-- EXERCISE DATA follows --

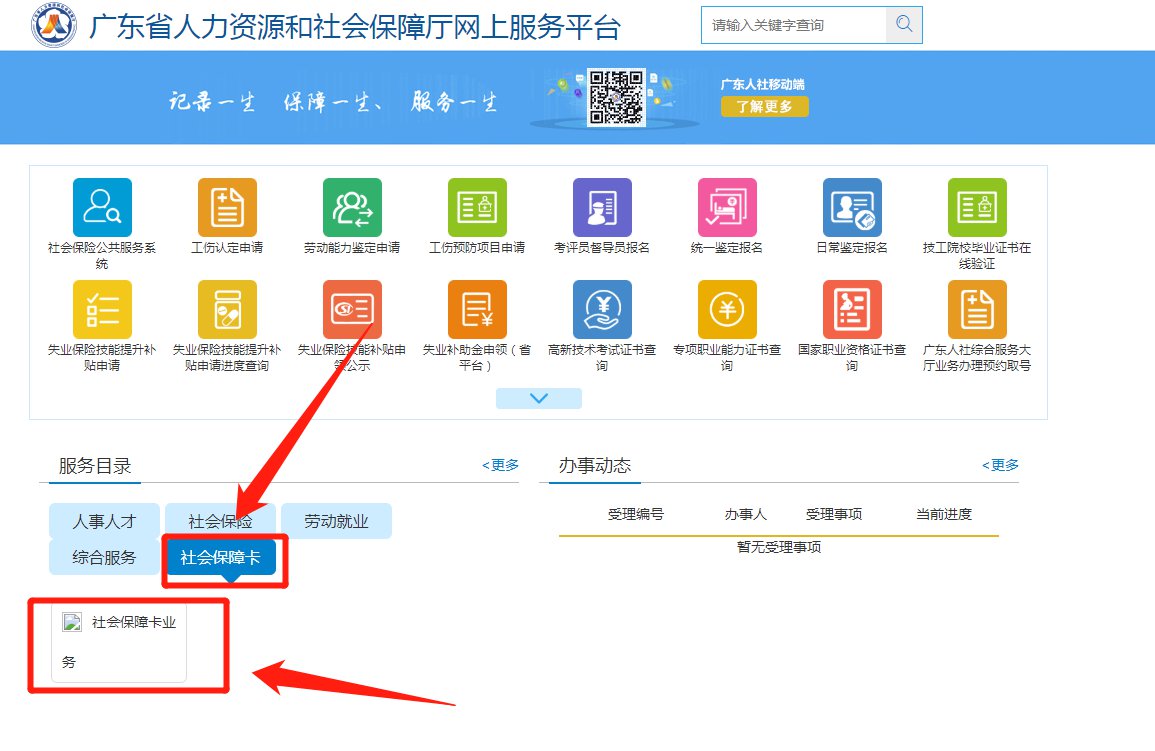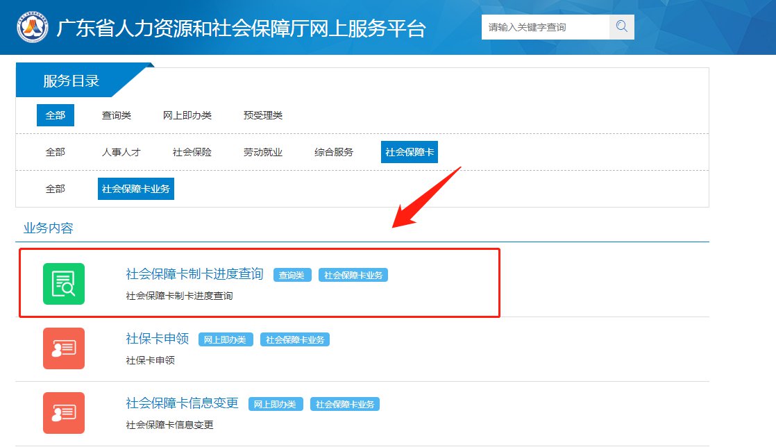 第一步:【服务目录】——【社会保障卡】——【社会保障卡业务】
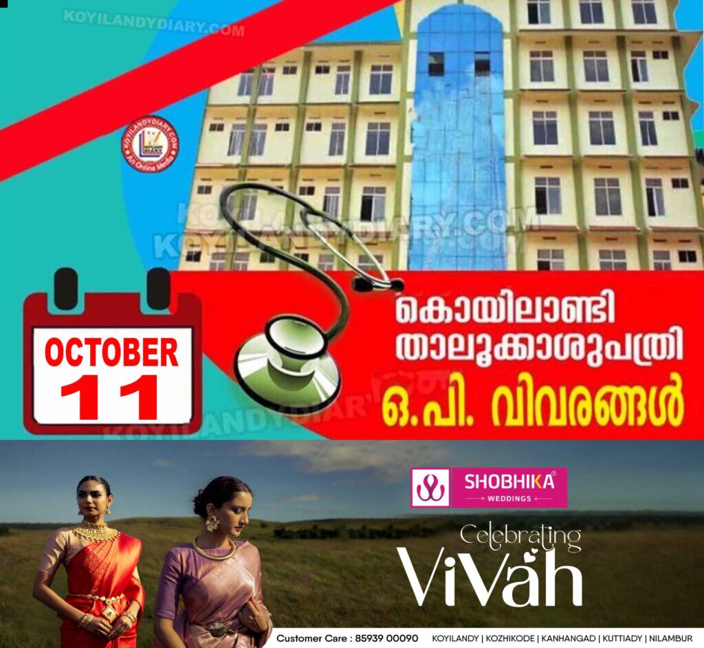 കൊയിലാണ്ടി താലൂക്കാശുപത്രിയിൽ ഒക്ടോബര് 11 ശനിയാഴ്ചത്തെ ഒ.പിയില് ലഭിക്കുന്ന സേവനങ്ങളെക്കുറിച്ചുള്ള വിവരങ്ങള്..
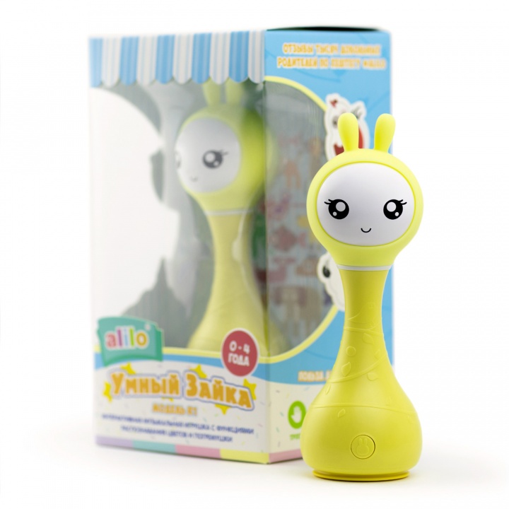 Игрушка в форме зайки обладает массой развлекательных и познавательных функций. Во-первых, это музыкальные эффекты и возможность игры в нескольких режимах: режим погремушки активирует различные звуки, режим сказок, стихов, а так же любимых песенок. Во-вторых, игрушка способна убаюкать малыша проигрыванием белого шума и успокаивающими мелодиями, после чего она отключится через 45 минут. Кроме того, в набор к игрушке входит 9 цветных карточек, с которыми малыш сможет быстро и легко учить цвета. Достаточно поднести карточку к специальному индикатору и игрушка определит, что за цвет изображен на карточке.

-- EXERCISE DATA concluded --
-- EXERCISE DATA follows --

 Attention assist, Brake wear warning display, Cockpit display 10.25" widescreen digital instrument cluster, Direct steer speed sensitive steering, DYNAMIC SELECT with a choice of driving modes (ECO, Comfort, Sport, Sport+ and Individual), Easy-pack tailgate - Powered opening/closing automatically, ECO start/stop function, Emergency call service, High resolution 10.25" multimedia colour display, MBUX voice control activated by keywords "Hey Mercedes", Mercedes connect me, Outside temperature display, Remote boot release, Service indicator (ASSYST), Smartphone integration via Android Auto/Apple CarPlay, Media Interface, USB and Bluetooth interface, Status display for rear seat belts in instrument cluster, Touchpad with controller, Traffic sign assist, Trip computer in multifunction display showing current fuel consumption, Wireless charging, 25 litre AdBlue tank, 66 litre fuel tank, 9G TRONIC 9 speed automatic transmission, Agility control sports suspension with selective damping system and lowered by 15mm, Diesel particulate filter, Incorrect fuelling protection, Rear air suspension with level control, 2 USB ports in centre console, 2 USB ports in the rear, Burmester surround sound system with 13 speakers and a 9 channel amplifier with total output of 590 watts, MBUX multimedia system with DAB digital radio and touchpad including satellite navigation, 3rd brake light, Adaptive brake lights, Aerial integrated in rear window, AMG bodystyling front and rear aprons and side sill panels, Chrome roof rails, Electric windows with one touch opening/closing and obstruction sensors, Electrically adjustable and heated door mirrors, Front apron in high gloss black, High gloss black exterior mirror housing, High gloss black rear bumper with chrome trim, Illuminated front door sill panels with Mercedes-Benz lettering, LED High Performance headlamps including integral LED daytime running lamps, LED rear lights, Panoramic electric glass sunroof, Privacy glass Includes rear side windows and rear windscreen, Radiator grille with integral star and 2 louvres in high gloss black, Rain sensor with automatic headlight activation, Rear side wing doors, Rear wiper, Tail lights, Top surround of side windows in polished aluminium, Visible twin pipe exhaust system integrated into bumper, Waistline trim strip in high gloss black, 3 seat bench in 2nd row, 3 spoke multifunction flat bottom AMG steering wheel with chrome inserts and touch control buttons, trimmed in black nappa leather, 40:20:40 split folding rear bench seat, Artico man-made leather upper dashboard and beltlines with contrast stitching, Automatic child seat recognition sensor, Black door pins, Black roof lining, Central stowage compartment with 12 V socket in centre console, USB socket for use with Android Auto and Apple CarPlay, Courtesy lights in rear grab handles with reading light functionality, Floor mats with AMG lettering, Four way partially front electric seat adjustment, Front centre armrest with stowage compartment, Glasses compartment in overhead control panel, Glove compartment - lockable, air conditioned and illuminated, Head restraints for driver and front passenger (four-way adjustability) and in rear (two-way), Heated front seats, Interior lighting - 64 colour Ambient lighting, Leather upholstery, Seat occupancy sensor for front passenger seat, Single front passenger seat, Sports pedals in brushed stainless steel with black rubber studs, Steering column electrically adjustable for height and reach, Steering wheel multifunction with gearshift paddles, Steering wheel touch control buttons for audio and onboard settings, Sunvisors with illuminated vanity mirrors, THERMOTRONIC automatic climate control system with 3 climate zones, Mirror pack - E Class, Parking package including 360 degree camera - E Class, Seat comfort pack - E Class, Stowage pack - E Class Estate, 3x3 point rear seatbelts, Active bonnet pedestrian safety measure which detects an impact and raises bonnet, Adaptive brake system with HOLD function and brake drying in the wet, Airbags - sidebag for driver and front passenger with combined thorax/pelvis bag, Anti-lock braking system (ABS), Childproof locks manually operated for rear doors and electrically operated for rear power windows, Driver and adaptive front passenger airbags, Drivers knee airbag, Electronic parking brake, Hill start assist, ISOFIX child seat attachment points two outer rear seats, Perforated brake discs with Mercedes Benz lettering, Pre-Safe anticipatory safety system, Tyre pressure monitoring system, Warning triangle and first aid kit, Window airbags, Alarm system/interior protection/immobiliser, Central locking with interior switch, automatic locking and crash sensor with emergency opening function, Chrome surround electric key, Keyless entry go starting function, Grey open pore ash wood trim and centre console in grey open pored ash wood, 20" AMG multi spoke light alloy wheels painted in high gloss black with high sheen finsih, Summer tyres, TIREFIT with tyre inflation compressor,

-- EXERCISE DATA concluded --
-- EXERCISE DATA follows --

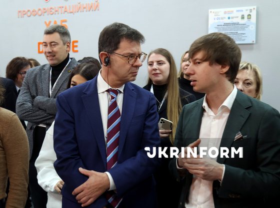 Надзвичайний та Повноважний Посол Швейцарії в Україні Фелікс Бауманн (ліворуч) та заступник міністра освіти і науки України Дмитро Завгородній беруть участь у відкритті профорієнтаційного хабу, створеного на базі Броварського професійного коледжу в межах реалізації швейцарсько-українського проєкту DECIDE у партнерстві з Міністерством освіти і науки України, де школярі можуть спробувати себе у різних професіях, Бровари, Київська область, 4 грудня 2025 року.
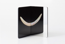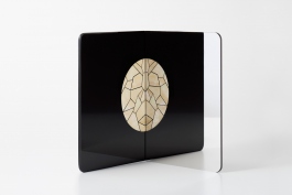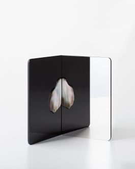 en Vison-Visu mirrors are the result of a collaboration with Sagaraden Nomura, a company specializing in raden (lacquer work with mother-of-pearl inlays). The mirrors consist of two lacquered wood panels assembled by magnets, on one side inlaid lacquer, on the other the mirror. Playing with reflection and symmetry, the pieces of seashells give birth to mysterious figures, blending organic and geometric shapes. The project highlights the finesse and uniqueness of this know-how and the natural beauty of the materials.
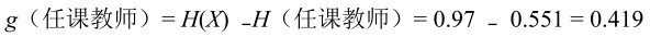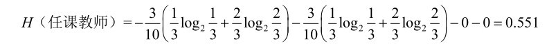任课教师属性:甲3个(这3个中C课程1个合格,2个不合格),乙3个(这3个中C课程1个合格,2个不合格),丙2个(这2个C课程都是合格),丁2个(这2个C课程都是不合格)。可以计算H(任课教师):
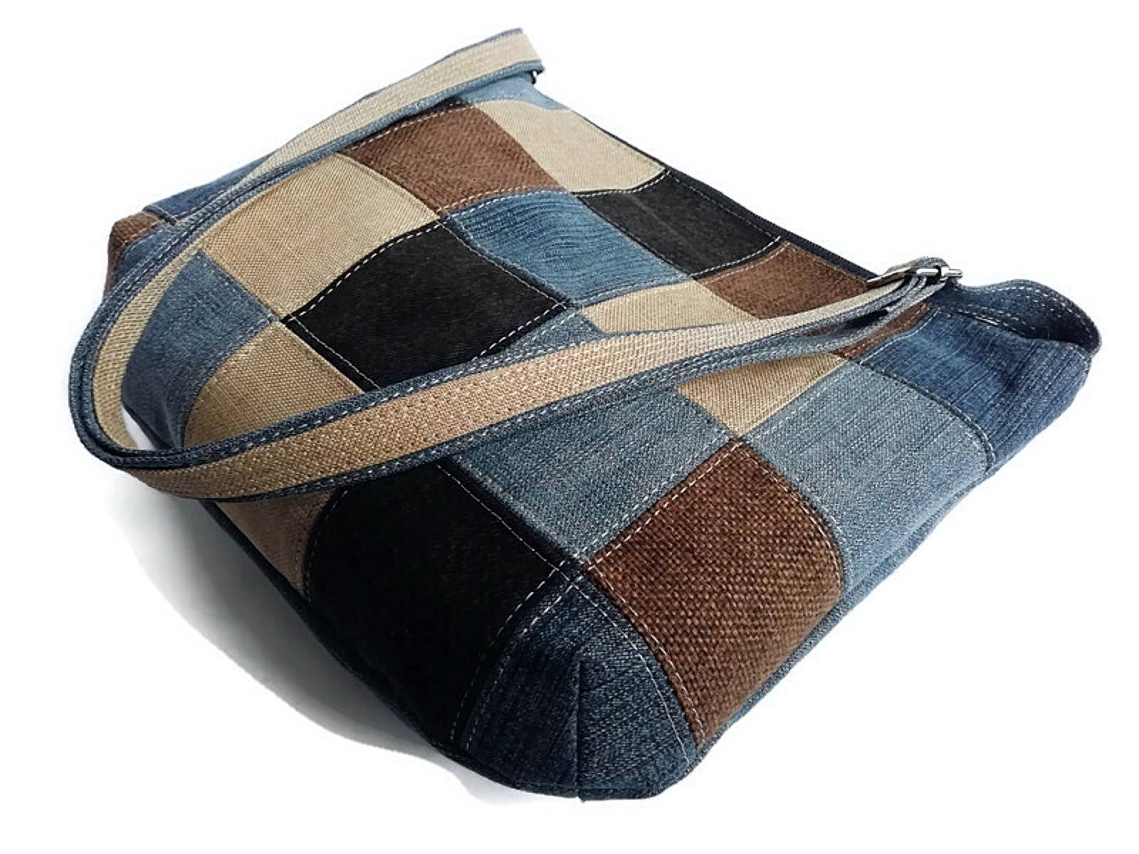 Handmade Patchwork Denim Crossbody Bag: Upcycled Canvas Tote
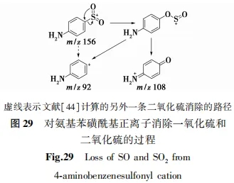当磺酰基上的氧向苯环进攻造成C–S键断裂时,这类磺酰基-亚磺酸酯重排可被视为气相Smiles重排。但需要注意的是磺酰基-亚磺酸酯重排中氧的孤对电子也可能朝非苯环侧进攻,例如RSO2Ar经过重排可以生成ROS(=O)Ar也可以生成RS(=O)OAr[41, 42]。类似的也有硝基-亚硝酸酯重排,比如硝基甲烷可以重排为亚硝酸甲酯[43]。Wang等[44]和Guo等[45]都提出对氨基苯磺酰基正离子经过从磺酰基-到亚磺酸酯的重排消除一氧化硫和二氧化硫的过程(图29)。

-- EXERCISE DATA concluded --

* ASSIGNMENT *
Start with the line with "en Vison-Visu mirrors" in the listing above and stop after the line with "当磺酰基上的氧向苯环进攻造成". Write out exactly the lines in that stretch and no others, without pictures.

* OUTPUT OF THE TASK *
 en Vison-Visu mirrors are the result of a collaboration with Sagaraden Nomura, a company specializing in raden (lacquer work with mother-of-pearl inlays). The mirrors consist of two lacquered wood panels assembled by magnets, on one side inlaid lacquer, on the other the mirror. Playing with reflection and symmetry, the pieces of seashells give birth to mysterious figures, blending organic and geometric shapes. The project highlights the finesse and uniqueness of this know-how and the natural beauty of the materials.
任课教师属性:甲3个(这3个中C课程1个合格,2个不合格),乙3个(这3个中C课程1个合格,2个不合格),丙2个(这2个C课程都是合格),丁2个(这2个C课程都是不合格)。可以计算H(任课教师):
 Handmade Patchwork Denim Crossbody Bag: Upcycled Canvas Tote
当磺酰基上的氧向苯环进攻造成C–S键断裂时,这类磺酰基-亚磺酸酯重排可被视为气相Smiles重排。但需要注意的是磺酰基-亚磺酸酯重排中氧的孤对电子也可能朝非苯环侧进攻,例如RSO2Ar经过重排可以生成ROS(=O)Ar也可以生成RS(=O)OAr[41, 42]。类似的也有硝基-亚硝酸酯重排,比如硝基甲烷可以重排为亚硝酸甲酯[43]。Wang等[44]和Guo等[45]都提出对氨基苯磺酰基正离子经过从磺酰基-到亚磺酸酯的重排消除一氧化硫和二氧化硫的过程(图29)。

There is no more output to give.